Process priority的數值決定了CPU處理程式的順序。LIUNX核心會根據需要調整該數值的大小。nice value侷限於priority。priority的值不能低於nice value（nice value值越低，優先順序越高）。您不可以直接修改Process priority的值，但是可以通過調整nice level值來間接地改變Process priority值，然而這一方法並不是所有時候都可用。
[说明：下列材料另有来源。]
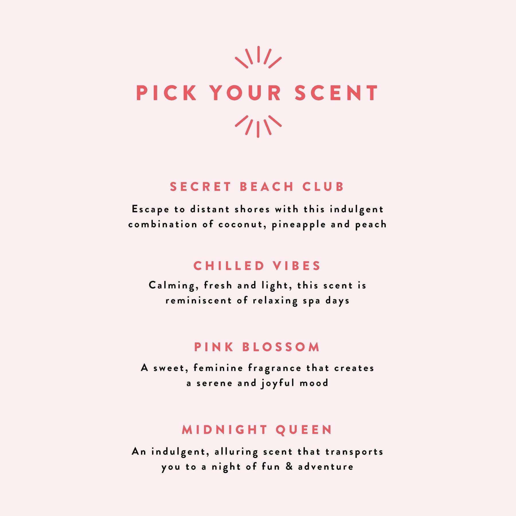 Choose Scent (descriptions below)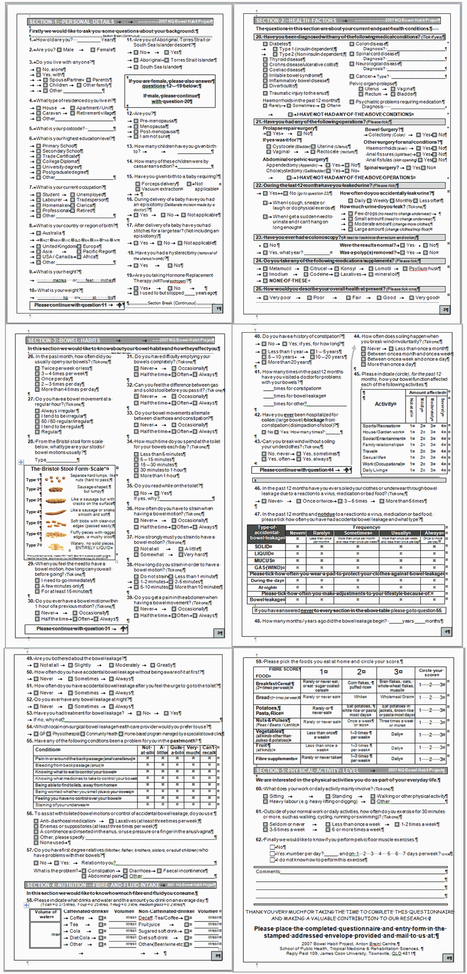 The self-administered questionnaire (Appendix 1), a study information sheet, an incentive leaflet (return of the completed survey provided an opportunity to win a $250 or $50 voucher), an opaque incentive response envelope, and a reply-paid envelope were mailed to everyone on the database. The survey contained 62 questions in five sections including personal demographics (11) with additional questions about female obstetric history (8), health/risk factors (6), bowel habits (32), nutrition (fibre and fluid intake) (2) and physical activity (3).

如果某個程式執行異常的慢，可以通過降低nice level為該程式分配更多的CPU。
Linux 支援的 nice levels 由19 (優先順序低)到-20 (優先順序高)，預設值為0。
執行/bin/ps命令可以檢視到當前程式的情況。

4、iostat

iostat由Red Hat Enterprise Linux AS釋出。同時iostat也是Sysstat的一部分，可以下載到，網址是http://perso.wanadoo.fr/sebastien.godard/
執行iostat命令可以從系統啟動之後的CPU平均時間，類似於uptime。除此之外，iostat還對建立一個伺服器磁碟子系統的活動報告。該報告包含兩部分：CPU使用情況和磁碟使用情況。
iostat顯示例項：
avg-cpu: %user %nice %system %iowait %steal %idle
0.16 0.01 0.03 0.10 0.00 99.71

Device: tps Blk_read/s Blk_wrtn/s Blk_read Blk_wrtn
hda 0.31 4.65 4.12 327796 290832

avg-cpu: %user %nice %system %iowait %steal %idle
1.00 0.00 0.00 0.00 0.00 100.00

Device: tps Blk_read/s Blk_wrtn/s Blk_read Blk_wrtn
hda 0.00 0.00 0.00 0 0

avg-cpu: %user %nice %system %iowait %steal %idle
0.00 0.00 0.00 0.00 0.00 99.01

Device: tps Blk_read/s Blk_wrtn/s Blk_read Blk_wrtn
hda 0.00 0.00 0.00 0 0
CPU佔用情況包括四塊內容
%user：顯示user level (applications)時，CPU的佔用情況。
%nice：顯示user level在nice priority時，CPU的佔用情況。
%sys:顯示system level (kernel)時，CPU的佔用情況。
%idle: 顯示CPU空閒時間所佔比例。

磁碟使用報告分成以下幾個部分：
Device: 塊裝置的名字
tps: 該裝置每秒I/O傳輸的次數。多個I/O請求可以組合為一個，每個I/O請求傳輸的位元組數不同，因此可以將多個I/O請求合併為一個。
Blk_read/s, Blk_wrtn/s: 表示從該裝置每秒讀寫的資料塊數量。塊的大小可以不同，如1024, 2048 或 4048位元組，這取決於partition的大小。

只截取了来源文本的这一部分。